Some coaches don't have enough experience to be grouped properly, but their results are interesting nevertheless. Those who have posted strong results in their limited time as NHL bench bosses don't fare much worse than the experienced coaches, while those who haven't are practically destined to look for work by season's end.

It's hard to make these final groupings with any accuracy, which is why I have started to dig into new coaches' results in other leagues, like the AHL and the Canadian major junior leagues. In those regards, for example, inexperienced NHL coaches like Vancouver's Willie Desjardins and Pittsburgh's Mike Johnston are quite well-accomplished. As more of that data is included, and the entirety of a team's staff is factored in, the distinction between good and bad coaching will become even more obvious than it is today.


Closing thoughts

I don't know why most publications ignore the impact of coaching when they're making their preseason forecasts. They'll break down a team's power play, penalty kill, goaltending and prospect pools in great detail, but make only passing remarks about the team's coaching staff. The same is true in some NHL front offices, who seem to ignore the reality that a strong bench boss can have just as much value as the team's franchise player.

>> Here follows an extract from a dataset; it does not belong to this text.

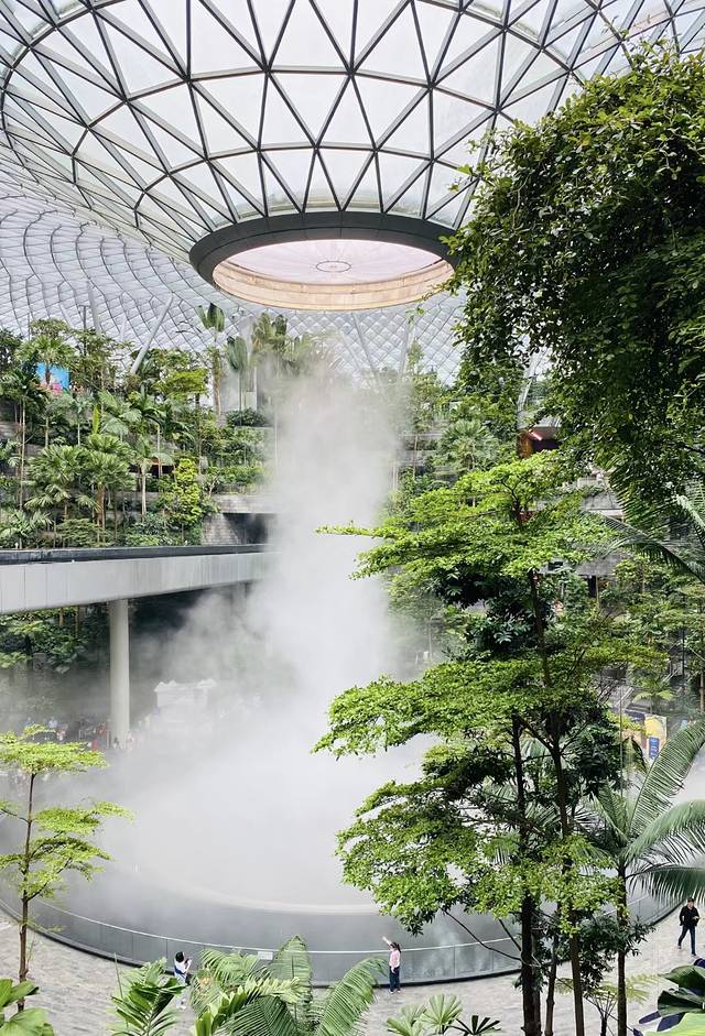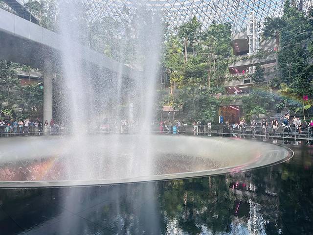 ▪ 新加坡应该是唯一一个把瀑布搬进机场的城市。被《商旅杂志》连续25年评为“世界最佳机场”同时也是“旅客票选最佳机场”与“排名第一的全球最佳机场”。最著名的雨漩涡瀑布第一眼看见无人不为之赞叹,高达40米高的室内瀑布,会跟随音乐、灯光变幻。与T1航站楼入境大厅相连,T2、T3航站楼也有连桥想通。还融汇了星空花园等游园玩乐项目(商场五层)。每天晚上7:30-12:30每半个小时都有免费灯光秀。

It is possible to make distinctions between the stronger and the less experienced and/or accomplished head coaches, and it is possible to measure their impact -- and it's not trivial! Good coaches can boost a team's position in the standings by several points, and teams that invest in the league's most accomplished coaches are far more likely to make the conference finals than those that don't.

Why spend tens of millions of dollars on elite players, and then gamble on those tasked with unleashing their full talent? Teams like the Maple Leafs are on the right track: Make the coaching staff one of the top priorities.